Morir en San Hilario se basa en una idea tan vieja como el mismo cine, la del intercambio de personalidades y su correspondiente enredo. Debido a un malentendido de partida y a una serie de acontecimientos, un gánster apodado El Piernas (Lluís Homar) da con sus huesos en una pequeña localidad situada en un país indeterminado, San Hilario, donde sus habitantes le confunden por un anciano que había anunciado su llegada al pueblo para morir en él y ser enterrado en su cementerio. A partir de esa premisa, Laura Mañá construye un relato que funciona a medias entre la tragicomedia costumbrista, con atención puntual a la cotidianidad de las figuras más relevantes de la localidad y la relación que establecen con El Piernas, y la vocación de realismo mágico --que en los años 60 acuñaron Gabriel García Márquez y sus adláteres-- que ya presidía el primer filme de la realizadora, Sexo por compasión .

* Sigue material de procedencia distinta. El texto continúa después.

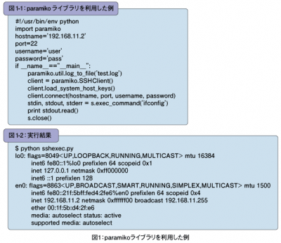 paramikoライブラリの利用例を図1-1に、実行結果を図1-2に示します。

Lo más logrado es que funde bastante bien dos modos de representación en principio tan opuestos como puedan serlo el realismo mágico y el costumbrismo. Los elementos de uno se integran en los del otro sin aparentes fricciones, conviviendo con cierta soltura pese a la endeblez de algunos de los episodios del filme y el irrelevante papel dramático que juegan varios personajes.

El punto de partida ya es de por sí bastante fantasioso. San Hilario fue un pueblo célebre en el pasado precisamente por sus funerales: todo el mundo quería morir allí y que sus restos reposaran en la tierra de su encantador y coqueto camposanto. Cuando arranca la historia, San Hilario está desposeido de ese atributo gracias al cual vivían todos sus habitantes, aunque la llegada del gánster reconvertido en supuesto moribundo genera nuevas y renovadas expectativas.

La trama principal es, por supuesto, la de la relación que El Piernas establece con las fuerzas vivas del pueblo y cómo al calor de su nueva amistad llega a replantearse su vida futura. Sin levantar demasiado la voz, Laura Mañá va encontrando su hueco en el mapa cinematográfico español.